In het kader van een goede ruimtelijke onderbouwing wordt ook aandacht besteed aan de blootstelling van bewoners aan luchtvervuiling. Er is daarom onderzoek gedaan door de Omgevingsdienst regio Utrecht om inzicht te krijgen in de aanwezige luchtkwaliteit.

Om inzicht te krijgen in de aanwezige luchtkwaliteit zijn de luchtkwaliteitskaarten van de Omgevingsdienst van 2011 geraadpleegd.

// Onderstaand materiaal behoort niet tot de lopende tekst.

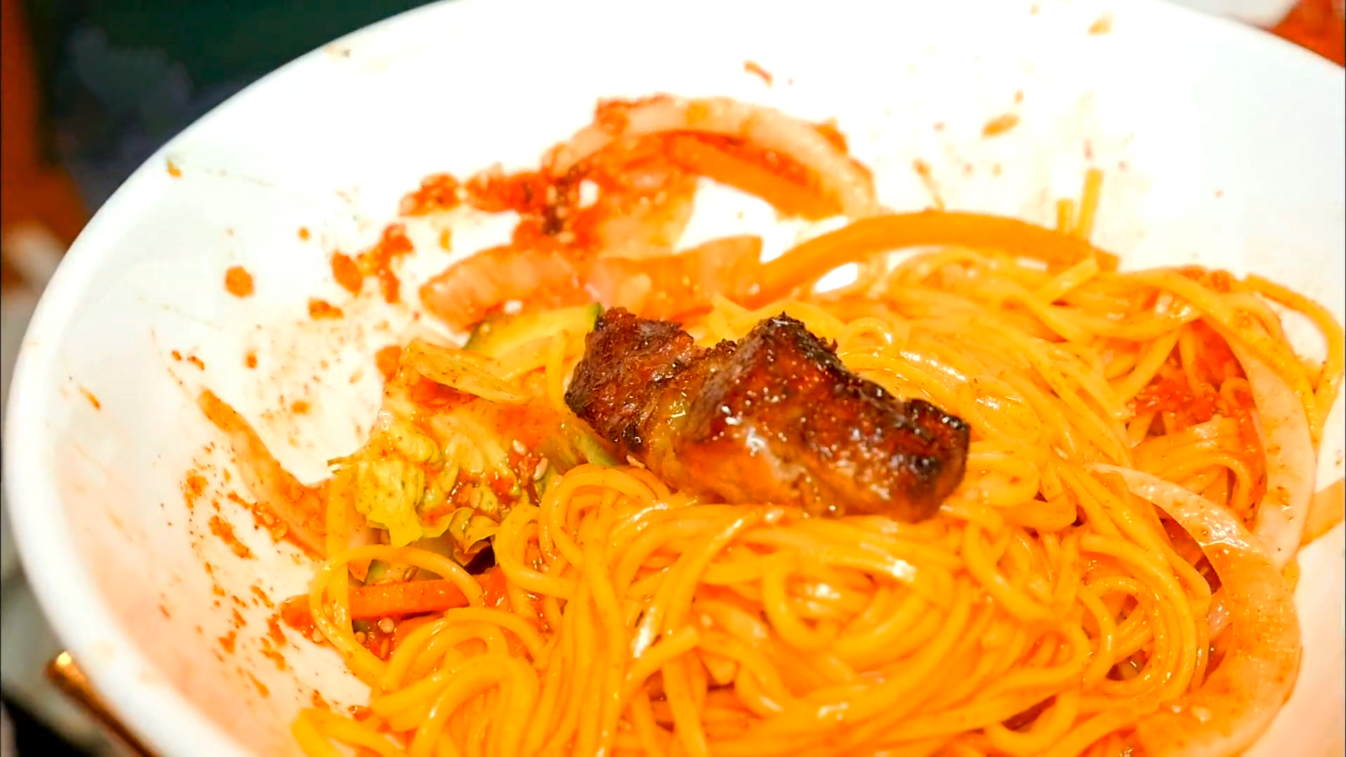 등갈비를 비빔국수에 말아먹으면 완전 꿀맛입니다.

In figuur 1 is een uitsnede weergeven van de luchtkwaliteitskaart voor stikstofdioxide en in figuur 2 is een uitsnede van de luchtkwaliteitskaart voor fijn stof weergegeven.

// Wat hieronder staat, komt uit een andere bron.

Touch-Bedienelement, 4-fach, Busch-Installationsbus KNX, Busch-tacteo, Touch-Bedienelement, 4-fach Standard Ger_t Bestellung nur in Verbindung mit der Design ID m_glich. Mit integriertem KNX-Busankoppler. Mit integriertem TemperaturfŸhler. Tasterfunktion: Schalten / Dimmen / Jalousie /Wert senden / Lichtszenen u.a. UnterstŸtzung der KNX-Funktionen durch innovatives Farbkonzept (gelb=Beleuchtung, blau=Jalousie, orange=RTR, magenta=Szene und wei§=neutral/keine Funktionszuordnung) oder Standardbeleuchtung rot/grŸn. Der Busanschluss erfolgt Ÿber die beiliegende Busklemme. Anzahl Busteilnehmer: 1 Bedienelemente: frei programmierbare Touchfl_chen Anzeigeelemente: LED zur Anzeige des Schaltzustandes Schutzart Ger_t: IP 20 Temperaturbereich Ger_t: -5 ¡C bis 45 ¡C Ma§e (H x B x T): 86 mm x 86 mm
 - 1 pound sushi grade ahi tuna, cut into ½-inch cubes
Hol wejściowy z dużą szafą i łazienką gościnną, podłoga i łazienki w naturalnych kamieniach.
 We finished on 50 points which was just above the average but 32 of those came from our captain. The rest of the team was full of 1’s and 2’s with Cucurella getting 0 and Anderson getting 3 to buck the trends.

afbeelding "i_NL.IMRO.0355.BPDrSchaepman-VS01_0010.png"

Figuur 1: Concentraties stikstofdioxide in 2011 in en nabij het plangebied

afbeelding "i_NL.IMRO.0355.BPDrSchaepman-VS01_0011.png"

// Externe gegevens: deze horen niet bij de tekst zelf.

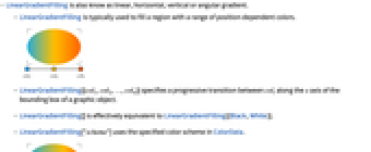 - LinearGradientFilling["scheme"] uses the specified color scheme in ColorData.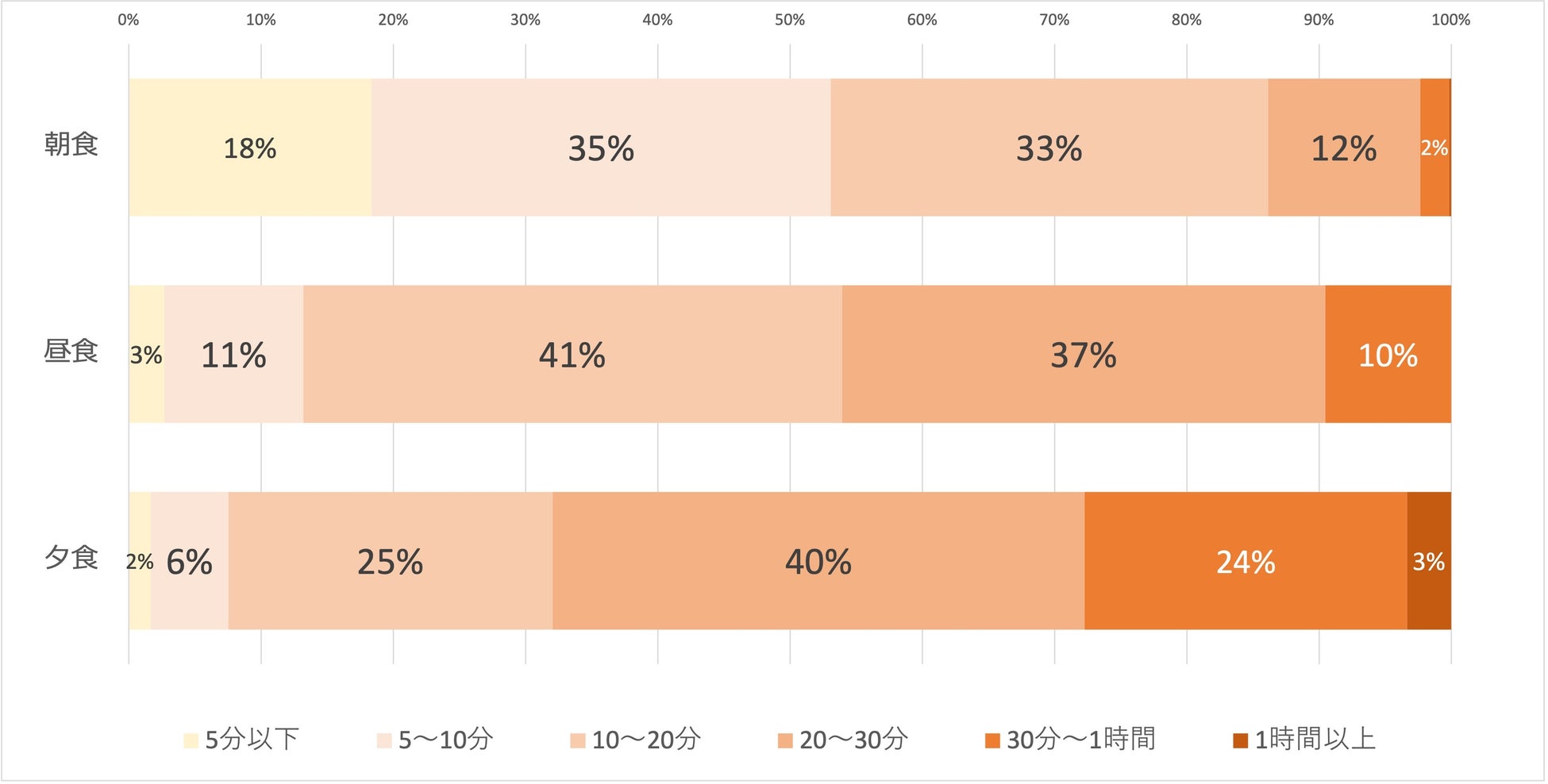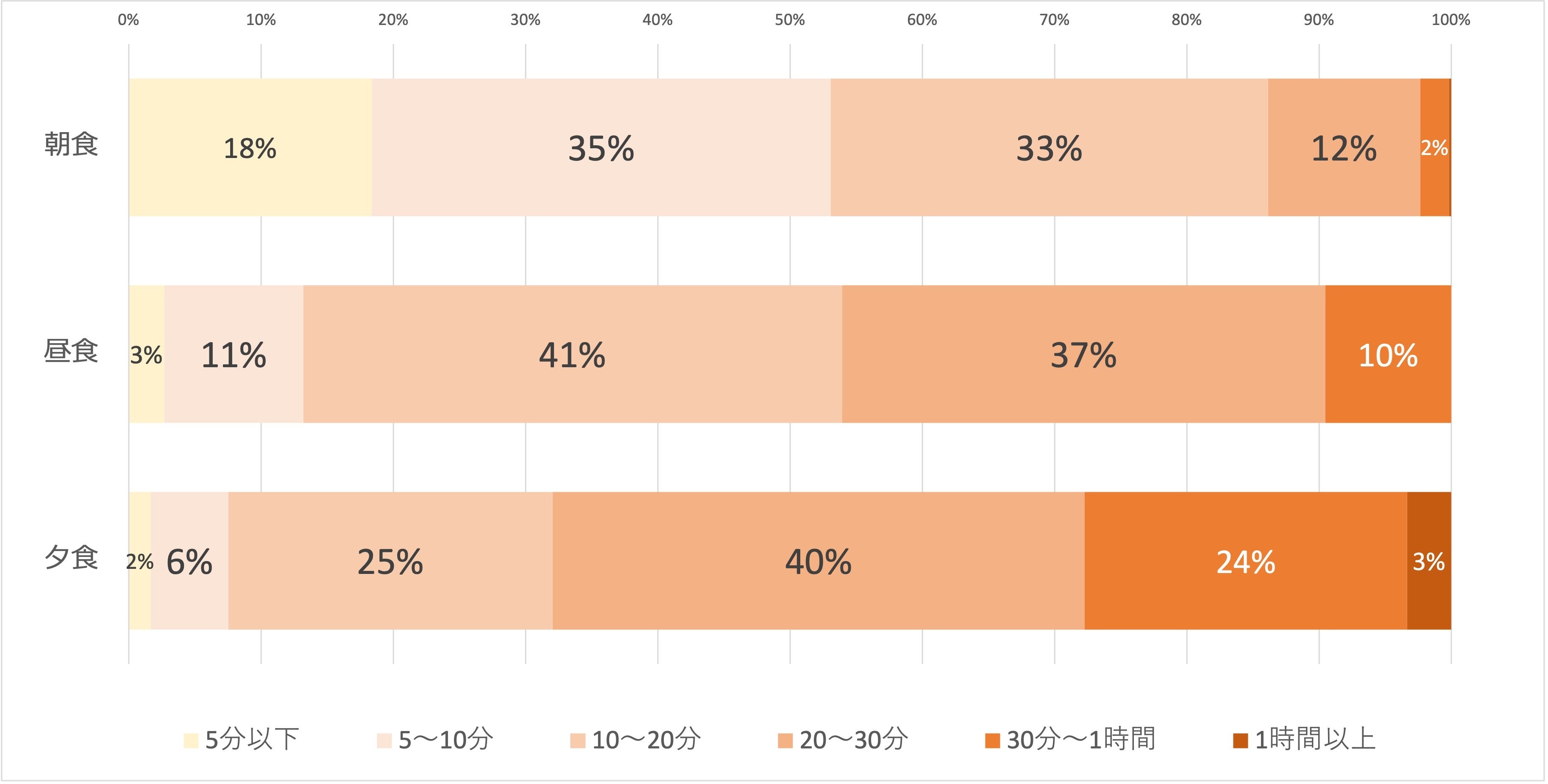 朝食は量が少ないこともあり納得できるが、昼食や夕食ですら「5分以下」や「5分〜10分」で済ませてしまう学生も一定割合いる。早食いも食生活の近代的な問題の1つである。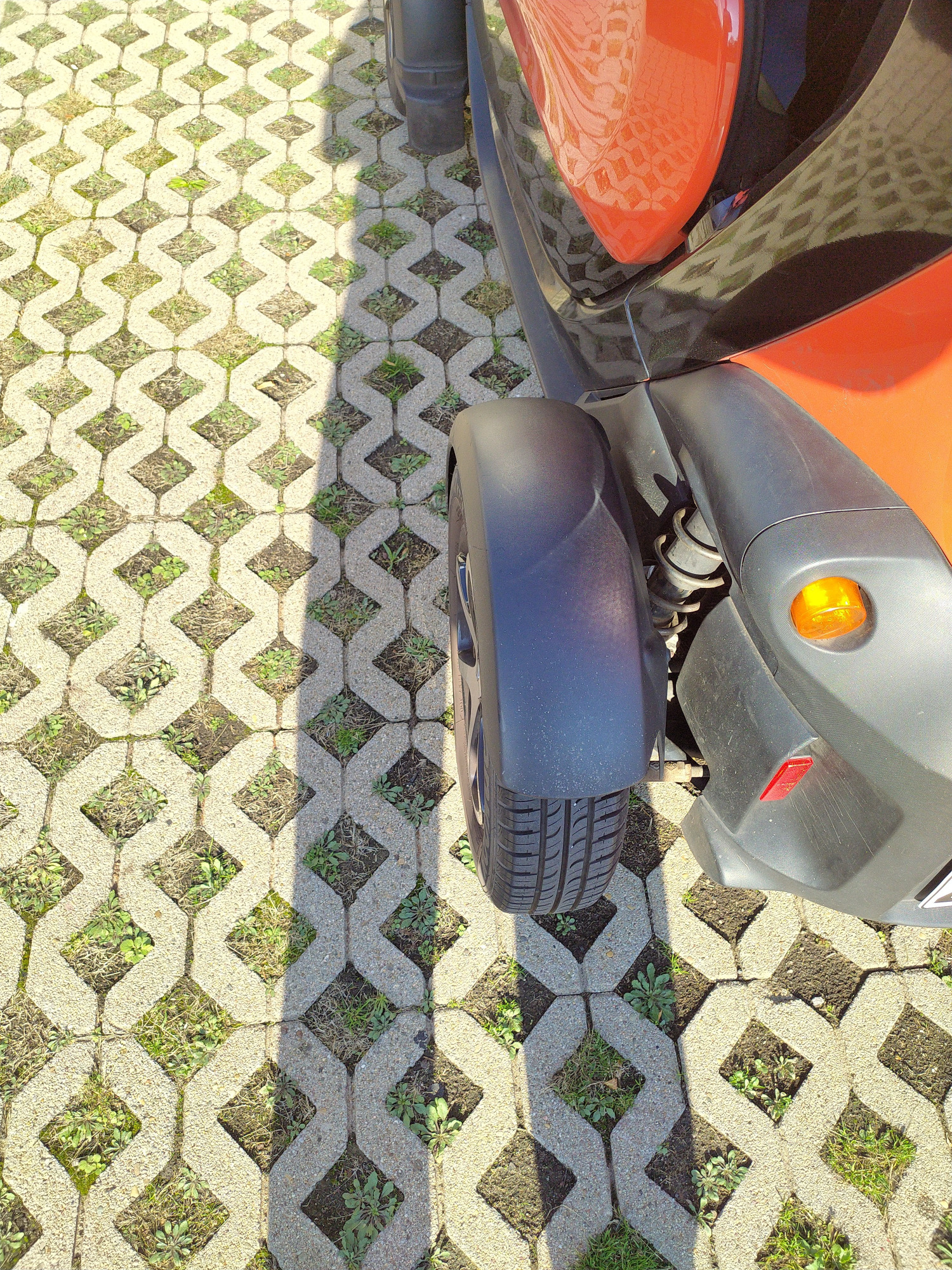 Das rechte Hinterrad schielt leicht nach 11 Uhr, begleitte von nem "positiveren Sturz".

Figuur 2: Concentraties fijn stof in 2011 in en nabij het plangebied

Uit figuur 1 en 2 is af te leiden dat de concentratie stikstofdioxide en fijn stof zich beneden de wettelijk toegestane jaargemiddelde grenswaarde van 40 microgram per m3 bevinden.

De uurgemiddelde grenswaarde voor stikstofdioxide wordt vanaf concentraties boven de 60 microgram per m3 overschreden. De concentraties in het plangebied bedragen 28 - 30 microgram per m3, wat betekent dat ook aan de uurgemiddelde grenswaarde wordt voldaan.

Naast een jaargemiddelde grenswaarde voor fijn stof is er ook een daggemiddelde grenswaarde van 50 microgram per m3 van kracht, die per jaar 35 keer mag worden overschreden. Uit statistische vergelijkingen van TNO en het RIVM blijkt dat deze grenswaarde bij een concentratie van 31,3 microgram per m3 vaker dan 35 keer wordt overschreden. Aangezien de concentraties fijn stof in het plangebied circa 25 - 26 microgram per m3 bedragen, wordt ook aan deze daggemiddelde grenswaarde voldaan.

Conclusie

Uit het voorgaande blijkt dat de toekomstige inwoners niet aan onacceptabele concentraties stikstofdioxide en fijn stof worden blootgesteld.

Geconcludeerd kan worden dat door de ontwikkeling, die met dit bestemmingsplan mogelijk wordt gemaakt, de luchtkwaliteit niet "in betekenende mate" zal verslechteren. Aan het bepaalde omtrent luchtkwaliteit wordt dan ook voldaan en ook aan het beginsel van een goede ruimtelijke ordening.